Fever has been recognized as one of the hallmarks of clinical disease since ancient times. Accurate recording of body temperature became possible in the eighteenth century when the Dutch inventor Farenheit introduced the thermometer. In 1868, the German physician Wunderlich emphasized the clinical usefulness of recording body temperature based on his observations of 25,000 patients. Fever accompanies infectious as well as noninfectious diseases and holds a central role in the definition and pathogenesis of heat-related illnesses such as heat stroke. The pathogenesis, pathophysiology, and purpose of fever are becoming well delineated.

Most fevers are caused by infection, although many disease states can be responsible (e.g., central nervous system lesions, neoplasms, endocrine abnormalities, connective tissue diseases). Febrile states that are not secondary to disordered thermoregulation, like that seen in hypothalamic lesions, are due to the release of endogenous pyrogen.
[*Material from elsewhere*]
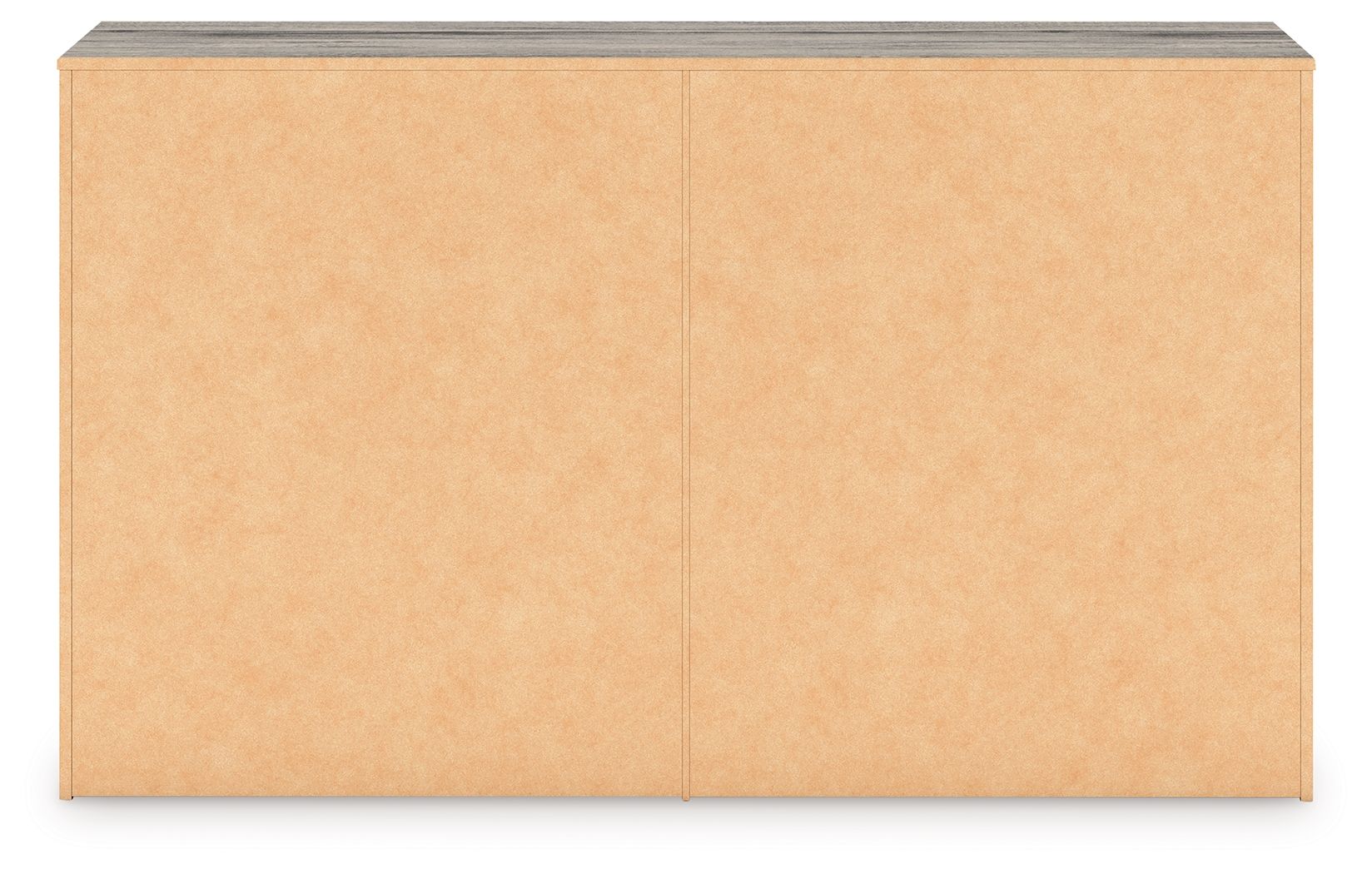 Casually cool style and lots of storage go hand in hand with this dresser. A weathered finish over replicated oak grain creates an easygoing vibe, setting the scene in your restful retreat. Clean lines and modern handles provide a fuss-free look. And the dresser's six roomy drawers give you plenty of space for stowing away clothes and more.

Endogenous pyrogen (EP) acts on receptors in the thermoregulatory hypothalamus to cause fever. This fever production may be mediated by an increase in local prostaglandin (PGE2) production, monoamines, cations such as sodium and calcium, or cyclic adenosine monophosphate. Exogenous stimuli of EP release from its source in monocytes, liver, spleen and lung macrophages, keratinocytes, polymorphonuclear cells, vascular endothelial, and smooth muscle cells, and kidney mesangial cells include: lipopolysaccharide (endotoxin) of gram-negative rods, viruses, other bacterial products, fungi, etiocholanolone, antigen-antibody complexes, polynucleotides, and other antigens. Viruses, tumors, and hypersensitivity reactions to drugs and other substances may stimulate EP release from monocytes indirectly via lymphokines secreted after interaction with sensitized lymphocytes.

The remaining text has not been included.